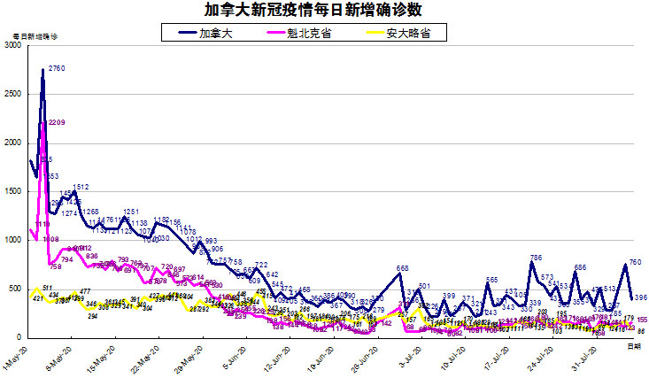 加国生活网小编统计了从5月1日至8月5日每日新增确诊数,制作了如下曲线图,分别统计了全加拿大(蓝色)和确诊数最多的两个省魁北克省(粉色)和安省(黄色)三组数据,大家可以了解一下进行5月份以来加拿大新冠疫情的发展趋势。由于艾省、BC省和安省终于更新数据,加拿大较昨天有大幅下降,主要原因是恢复了每日更新,魁省从昨天的123上升到今天的155;安省从昨天的91例下降到86,连续3天低于100例。艾省和BC省的情况不妙,今天新增94,甚至超过了安省;BC省今天新增47,也是比以往几天都高。
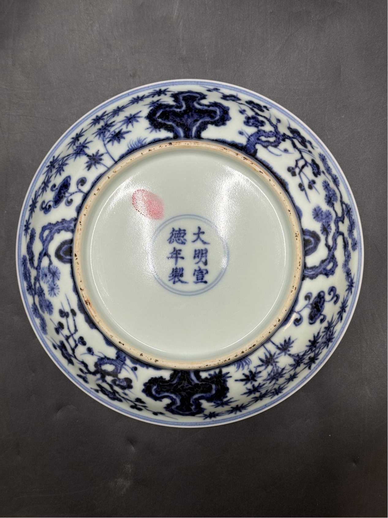 底足細節(jié)是官窯身份的核心佐證:底心以青花雙圈署“大明宣德年制”六字雙行楷書款,字體結(jié)構(gòu)端莊,筆力遒勁,符合宣德官窯款識“字口清晰、排列規(guī)整”的特征;圈足修胎圓潤,露胎處可見“糯米胎”質(zhì)地——胎土經(jīng)多次淘洗,細膩致密,撫之如嬰兒肌膚,是宣德官窯制胎工藝的標志性表現(xiàn)。從傳世數(shù)據(jù)來看,宣德朝蘇麻離青青花盤存世量稀少,據(jù)《明清瓷器鑒定》記載,兩岸故宮及主要博物館館藏總量不足二十件,而流通于拍賣市場的全品器物更為罕見,此件器物器型完整、釉色如新,無沖線、無剝釉,屬同類器物中的佳品。
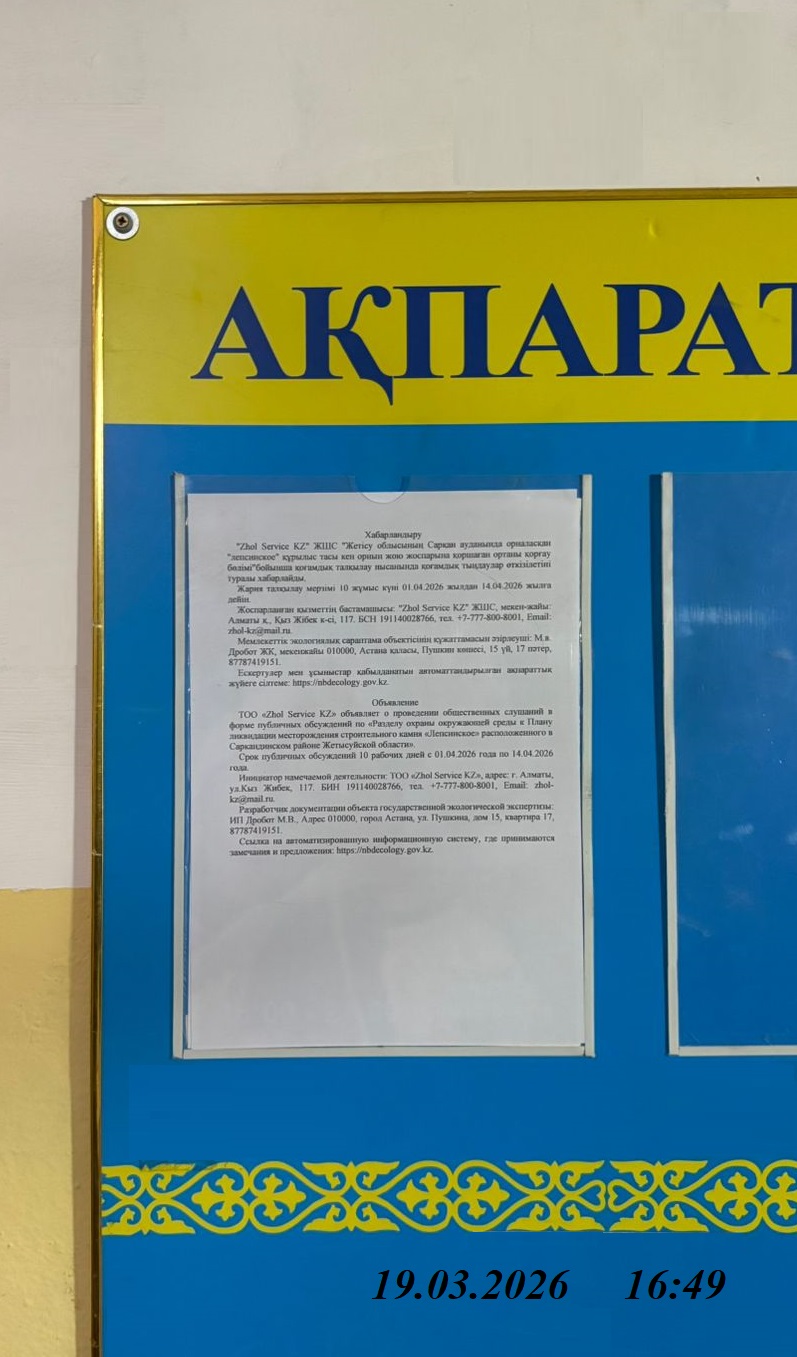 | 1 | область Жетісу, Саркандский район, Лепсинская п.а. |
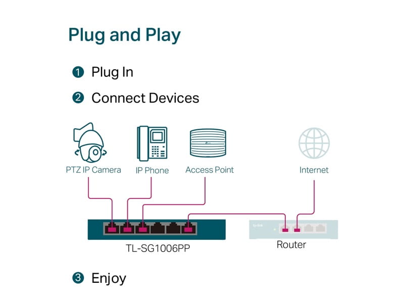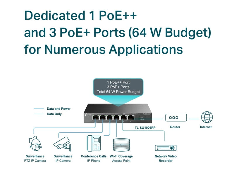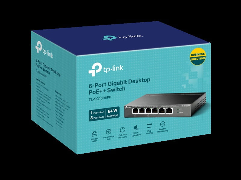 TL-SG1006PP Switch PoE++/+ 1 port 1000M PoE bt + 3 porty 1000M PoE + 2 porty 1000M
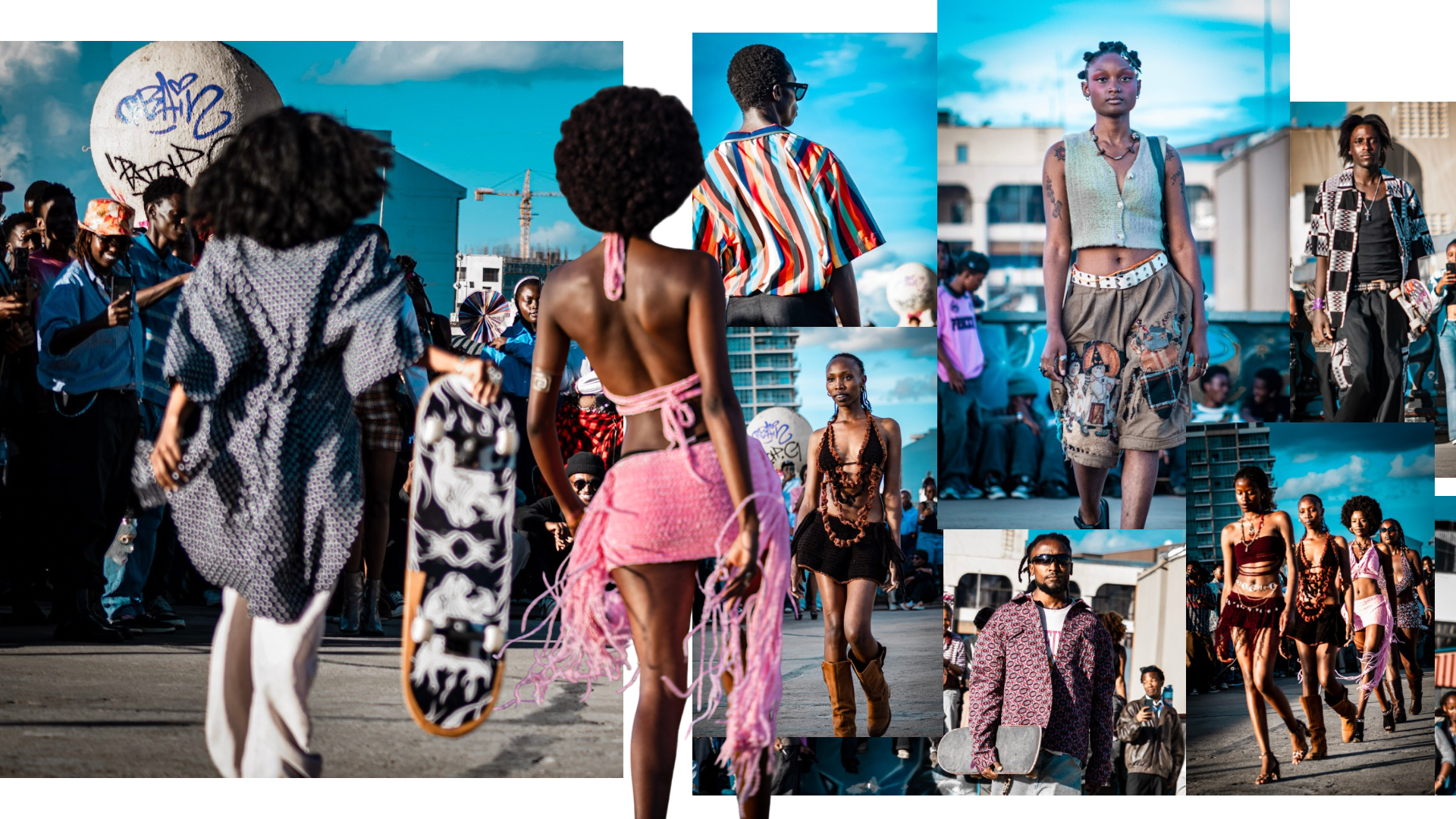 Most recently, in collaboration with the Skateboarding Society of Kenya (SSK), Members of the Earth and GirlSkate welcomed Zimbabwe’s Push Project to the 254, where an impromptu Skate and Sound found skaters as fashion designers and models. Unlike other skate jams hosted by the community, the views and music from the DJ gave way to a runway show of Nairobi-based and Zimbabwean designers spearheading a creative crusade.
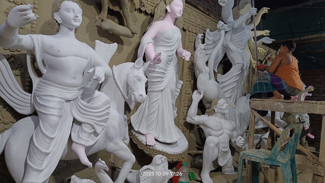 পূজামন্ডপ ঘুরে দেখা গেছে প্রতিমা তৈরীর কারিগররা কাঁদা-মাটি, বাঁশ, খড় দিয়ে তিল তিল করে প্রতিমা তৈরী করছেন, মৃৎ শিল্পিদের ছোঁয়ায় অপরূপ সাজে সজ্জিত হচ্ছে দেবী দূর্গা, লক্ষ্মী, সরস্বতী, কার্তিক, গনেশ ও অসুর সহ বিভিন্ন দেবদেবীর প্রতিমা। অপর দিকে ইভেন্ট ম্যানেজন্টের লোকজন মন্দিরের সাজসজ্জার কাজে ব্যস্ত রয়েছেন, লাইটিং এর কাজে ব্যস্ত সময় পার করছেন ডেকরেশনের লোকজন সব মিলিয়ে ব্যাপক প্রস্তুতি চলছে প্রত্যেকটি পূজা মন্ডপে। সনাতন ধর্মালম্বীদের সবচেয়ে বড় ধর্মীয় এ উৎসবকে ঘিরে চলছে নানা প্রস্তুতি।
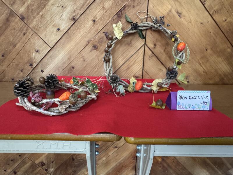 職員玄関を入ったところに秋のなかよしリースが飾ってあります。
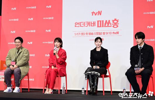 (엑스포츠뉴스 박지영 기자) 12일 오후 서울 구로구 더링크 호텔에서 tvN 새 토일드라마 '언더커버 미쓰홍' 제작발표회가 진행됐다. 이날 행사에 참석한 박선호 감독과 배우 박신혜, 하윤경, 조한결이 인사하고 있다.박지영 기자 jypark@xportsnews.com
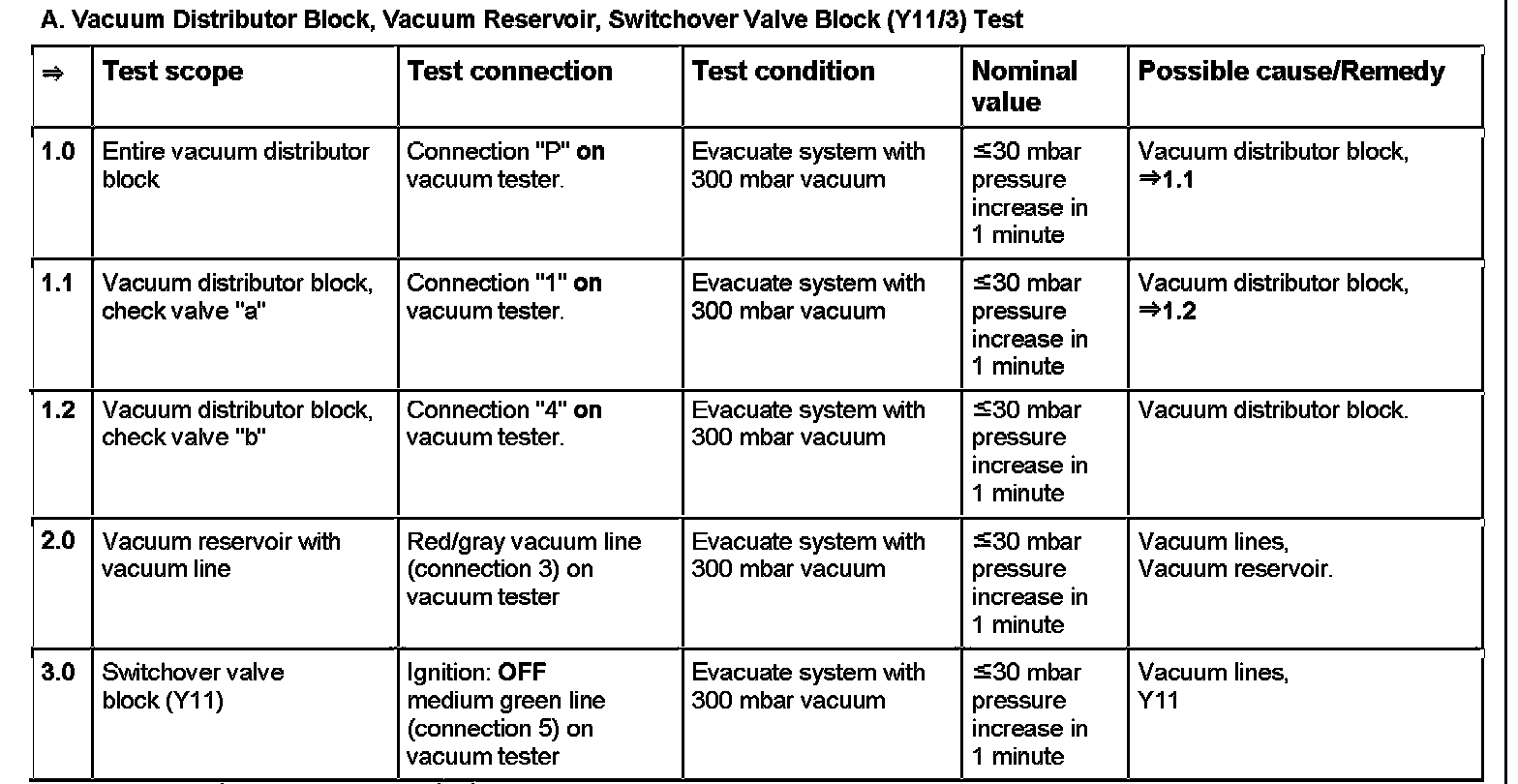 A. Vacuum Distributor Block, Vacuum Reservoir, Switchover Valve Block (Y11/3) Test
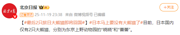 今年6月,在外交部新闻发布会上,朝日电视台记者曾透露,明年2月东京上野动物园的两只大熊猫将回到中国,到那时日本全国将没有大熊猫。
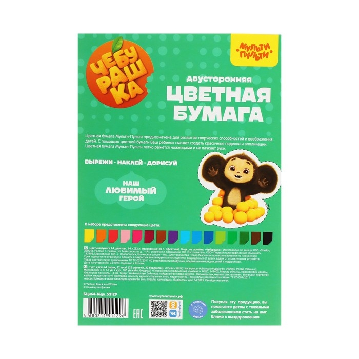 Набор цветной офсетной и мелованной двусторонней бумаги "Мульти-Пульти" серии "Чебурашка" идеально подойдет для творчества. На оборотной стороне обложки расположен персонаж, которого можно вырезать и сделать с ним аппликацию. Бумага имеет размер 200 х 280 мм. В блоке представлены 2 вида бумаги одновременно: Офсетная матовая плотная бумага и мелованная глянцевая плотная бумага. Плотность офсетной и мелованной бумаги – 80 г/м2. Разные виды бумаги в наборе позволяют сделать совершенно удивительные творческие поделки как с применением матовой, так и с применением глянцевой бумаг. В наборе представлено 64 листа 16 цветов (по 32 листа 16 цветов на каждый вид бумаги), скрепленных клеевым скреплением. Бумага окрашена с двух сторон, обложка выполнена из качественного картона. Товар сертифицирован для детей от 3 лет.
---------------
INSTRUCTIONS TO FOLLOW
Can the lines from the start of the records through the line with "TL-SG1006PP Switch PoE++/+" be given again exactly, with the pictures left out?

PROBLEM SOLUTION
 加国生活网小编统计了从5月1日至8月5日每日新增确诊数,制作了如下曲线图,分别统计了全加拿大(蓝色)和确诊数最多的两个省魁北克省(粉色)和安省(黄色)三组数据,大家可以了解一下进行5月份以来加拿大新冠疫情的发展趋势。由于艾省、BC省和安省终于更新数据,加拿大较昨天有大幅下降,主要原因是恢复了每日更新,魁省从昨天的123上升到今天的155;安省从昨天的91例下降到86,连续3天低于100例。艾省和BC省的情况不妙,今天新增94,甚至超过了安省;BC省今天新增47,也是比以往几天都高。
 底足細節(jié)是官窯身份的核心佐證:底心以青花雙圈署“大明宣德年制”六字雙行楷書款,字體結(jié)構(gòu)端莊,筆力遒勁,符合宣德官窯款識“字口清晰、排列規(guī)整”的特征;圈足修胎圓潤,露胎處可見“糯米胎”質(zhì)地——胎土經(jīng)多次淘洗,細膩致密,撫之如嬰兒肌膚,是宣德官窯制胎工藝的標志性表現(xiàn)。從傳世數(shù)據(jù)來看,宣德朝蘇麻離青青花盤存世量稀少,據(jù)《明清瓷器鑒定》記載,兩岸故宮及主要博物館館藏總量不足二十件,而流通于拍賣市場的全品器物更為罕見,此件器物器型完整、釉色如新,無沖線、無剝釉,屬同類器物中的佳品。
 | 1 | область Жетісу, Саркандский район, Лепсинская п.а. |
 TL-SG1006PP Switch PoE++/+ 1 port 1000M PoE bt + 3 porty 1000M PoE + 2 porty 1000M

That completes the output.